Hot Nordic weather hits Stora Enso’s profit, shares fall

July 20, 2018

By Jussi Rosendahl

HELSINKI (Reuters) – Finnish pulp, paper and packaging board maker Stora Enso <STERV.HE> missed quarterly profit expectations on Friday, partly blaming wood supply problems stemming from the exceptionally hot and dry weather in the Nordics.

Wildfires have swept across Sweden and to smaller extent have flared in Finland. Concerns that harvesting could start more fires has reduced activity in the region where the company has most of its mills.

Stora said it was forced to turn to wood supply from Poland and Ireland, which has lifted costs, while machine breakdowns in Sweden and Finland also had a negative effect in the quarter.

Shares in the company fell 9.9 percent by 0927 GMT after it reported an adjusted operating profit of 327 million euros ($380 million), short of the 338 million euros expected by analysts.

But profit still jumped 49 percent from a year ago with the help of increased prices and a new packaging board mill in China.

“We had a number of headwinds … so we have an additional potential that (we) did not realize in the quarter,” CEO Karl-Henrik Sundstrom told a news conference.

For the third quarter, he forecast a flat profit compared to the second quarter due to seasonal factors, but said the guidance was “probably on the conservative side”.

Stora, known for supplying the boxes for Apple <AAPL.O> iPhones, has shifted its focus in the recent years away from paper production, a declining industry in Europe due to the rise of reading in digital formats.

The majority of Stora’s profit comes from pulp and packaging board.
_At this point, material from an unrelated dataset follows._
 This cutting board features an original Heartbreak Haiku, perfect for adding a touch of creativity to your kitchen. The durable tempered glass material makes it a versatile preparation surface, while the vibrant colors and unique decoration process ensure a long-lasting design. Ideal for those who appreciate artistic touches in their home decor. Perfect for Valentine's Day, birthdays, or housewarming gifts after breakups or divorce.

Alongside paper, pulp is needed to make tissues and packaging board, products that are growing on the back of Chinese demand and growth in online shopping.

As an example of the ongoing shift, Stora said last month that it was evaluating a potential 700 million euro ($815 million) investment to convert its Oulu paper mill in Finland into packaging board production.

Some analysts said the share fall was overdone, and added that the stock was still 24 percent higher than a year ago.

“Their underlying performance is very good… but sometimes, if the stock has risen recently, the markets do not tolerate even slight profit misses,” said Antti Viljakainen from Inderes Equity Research who holds an ‘accumulate’ rating on the stock.

($1 = 0.8585 euros)

(Reporting by Jussi Rosendahl; Editing by Jason Neely and Edmund Blair)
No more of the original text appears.